▶ About this task:
Copy every line of the data that contains the string "Fundex".

▶ Supplied data:

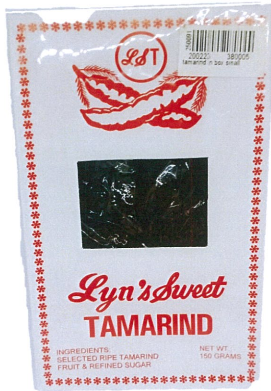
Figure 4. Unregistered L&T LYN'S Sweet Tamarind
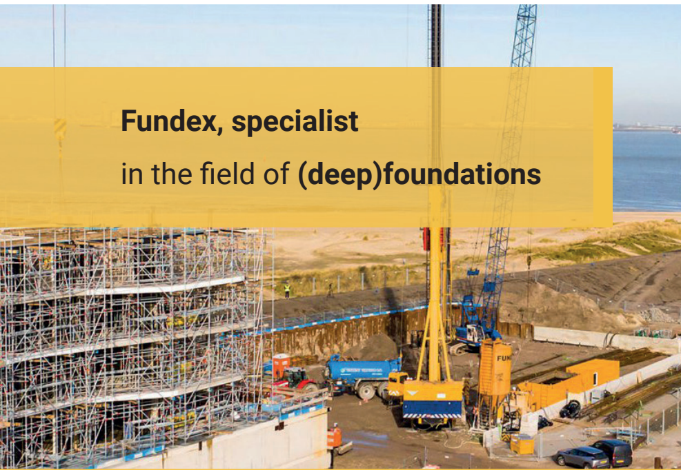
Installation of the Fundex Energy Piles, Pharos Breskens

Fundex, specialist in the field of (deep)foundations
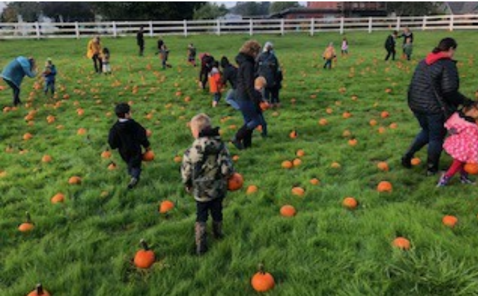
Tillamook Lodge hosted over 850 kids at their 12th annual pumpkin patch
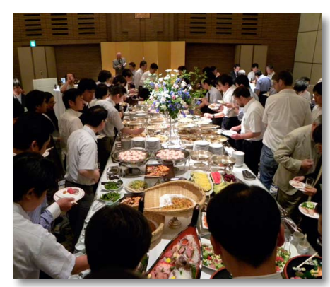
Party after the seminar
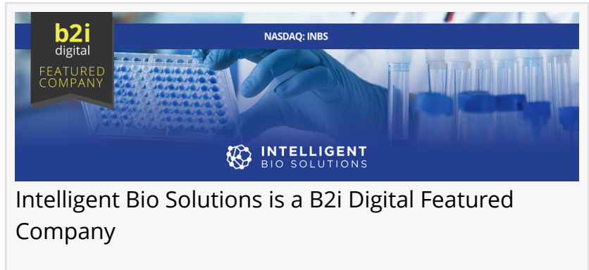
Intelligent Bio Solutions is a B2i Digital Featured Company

---

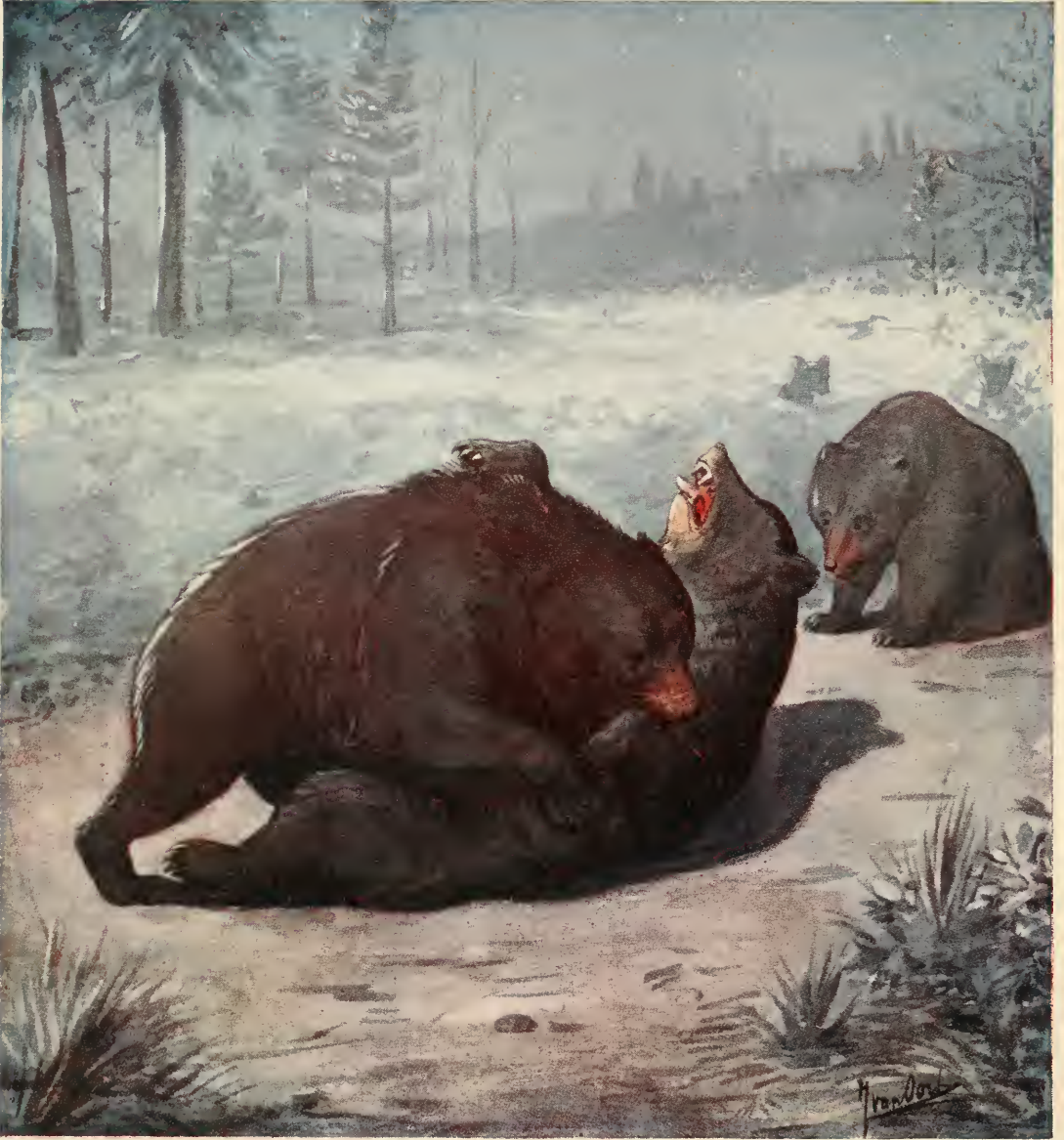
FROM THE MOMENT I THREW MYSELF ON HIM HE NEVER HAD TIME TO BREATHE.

▶ Solution to this exercise:
Installation of the Fundex Energy Piles, Pharos Breskens
Fundex, specialist in the field of (deep)foundations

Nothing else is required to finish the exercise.